- 58°27′05″N 6°00′00″E﻿ / ﻿58.451385°N 6.0001087°E
- Established: 1869
- Dissolved: 26 April 2021
- Jurisdiction: Dalane
- Location: Egersund, Norway
- Coordinates: 58°27′05″N 6°00′00″E﻿ / ﻿58.451385°N 6.0001087°E
- Appeals to: Gulating Court of Appeal

= Dalane District Court =

Former district court in Rogaland, Norway

Dalane District Court (Dalane tingrett) was a district court in Agder and Rogaland counties in Norway. The court was based in the town of Egersund. The court existed until 2021. It had jurisdiction over the southern part of Rogaland county which included the municipalities of Eigersund, Bjerkreim, Lund, and Sokndal plus it also includes the neighboring Sirdal Municipality in Agder county. Cases from this court could be appealed to Gulating Court of Appeal. The court was led by the chief judge (Sorenskriver) Alexander Schønemann. This court employed a chief judge, one other judge, and three prosecutors.
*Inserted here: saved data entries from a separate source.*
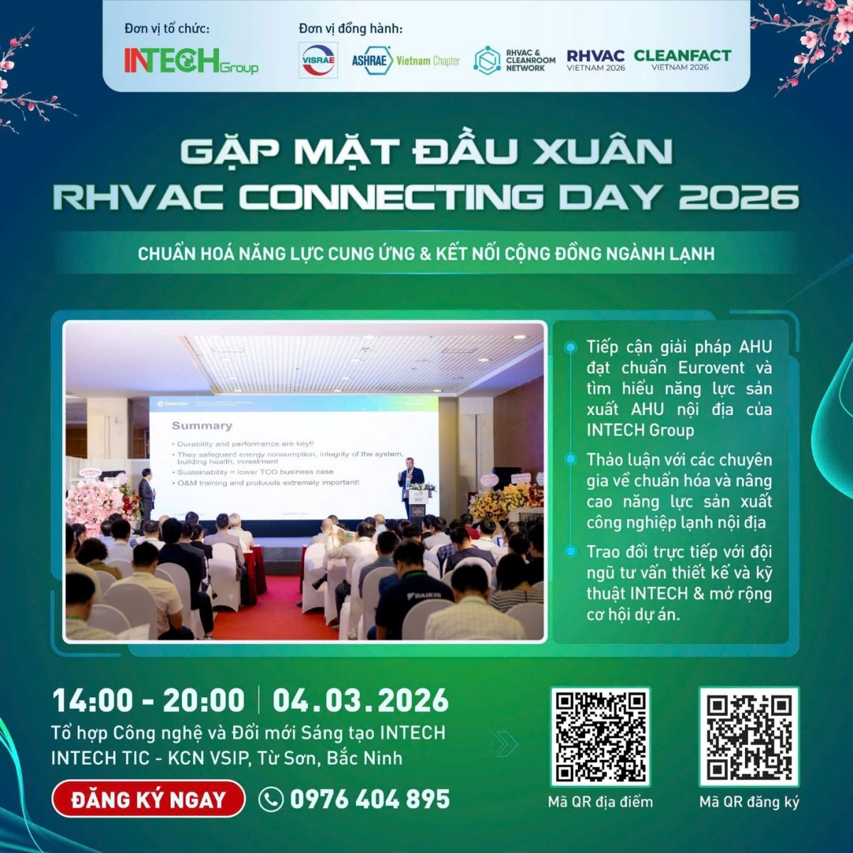 🤝 Hội KHKT Lạnh và Điều hòa không khí Việt Nam (VISRAE) phối hợp tổ chức sự kiện “Gặp mặt Đầu Xuân - RHVAC Connecting Day 2026” với INTECH Group tổ chức, cùng sự góp mặt của ASHRAE Vietnam Chapter và RHVAC & Cleanroom Network, dưới sự phối hợp truyền thông của Ban Tổ chức chuỗi sự kiện Cleanfact & RHVAC Vietnam.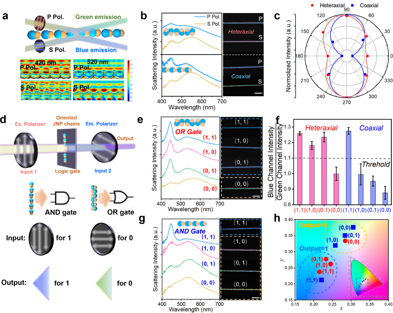 作者进一步研究了取向结构的光学各向异性,并展示了其在逻辑器件中的应用前景。对于一维单颗粒取向结构,Janus颗粒的排列方向可以与链方向耦合,从而加强同轴链的各向异性,削弱异轴链的各向异性,同轴与异轴结构的光散射行为由此表现出不同偏振响应性。将激发光和散射光的偏振状态被用作输入,链的散射光谱被定义为输出后,可以利用组装结构构建逻辑器件。其中,同轴链显示出“与”门的行为,而异轴链显示出“或”门的行为(图4)。
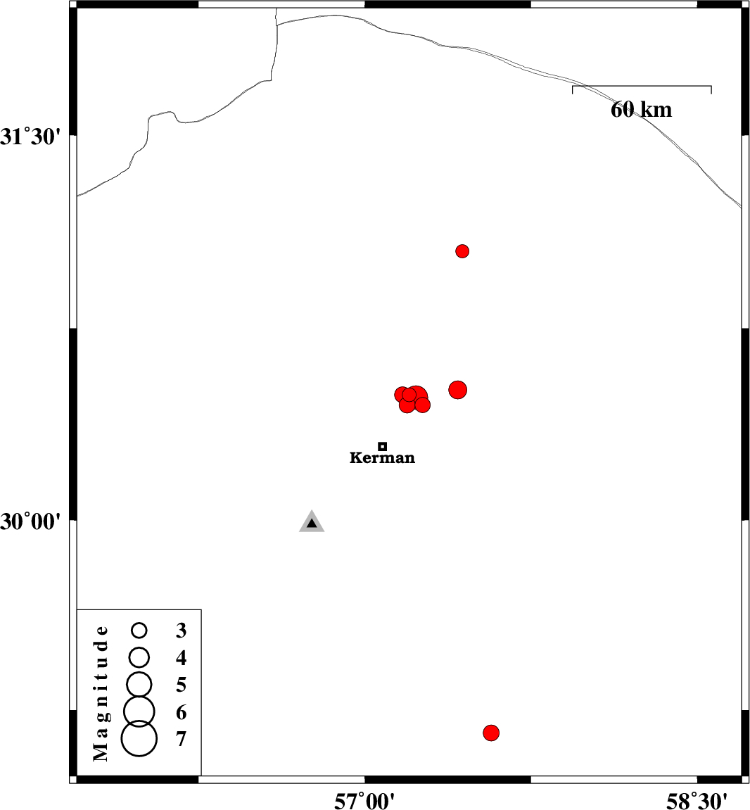| 2012/12/03 | 13:44:27.8 | 17:14:27.8 | 30.45 | 57.19 | 14 | ML:3.3 | Kerman Province, 21 km North-East of Kerman | ||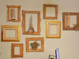 The check-in area is decorated with European-style furniture, and the picture frames on the wall and chandeliers on the ceiling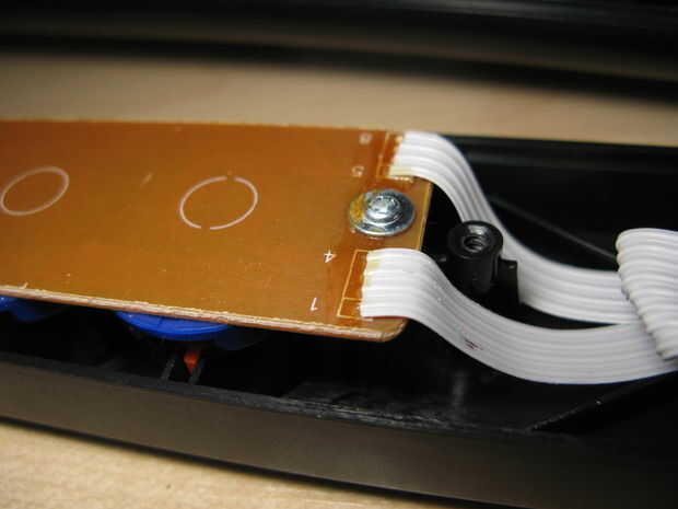 Cuidadosamente levante la placa de circuito y póngala a un lado. Tenga particularmente cuidado de no atrapar o doble el cable de cinta en cualquier punto ya que es bastante delicado.

The court was a court of first instance. Its judicial duties were mainly to settle criminal cases and to resolve civil litigation as well as bankruptcy. The administration and registration tasks of the court included death registration, issuing certain certificates, performing duties of a notary public, and officiating civil wedding ceremonies. Cases from this court were heard by a combination of professional judges and lay judges.

==History==
This court was established in 1869 when the old Jæren og Dalane District Court was divided into two: Dalane District Court (in the south) and Jæren District Court in the north. Initially, this court had jurisdiction over Sokndal, Lund, Heskestad, Helleland, Bjerkreim, Eigersund, and Ogna. In 1965, jurisdiction over Ogna Municipality was transferred to the Jæren District Court. On 26 April 2021, Dalane District Court was merged with the Jæren District Court and Stavanger District Court to create the new Sør-Rogaland District Court.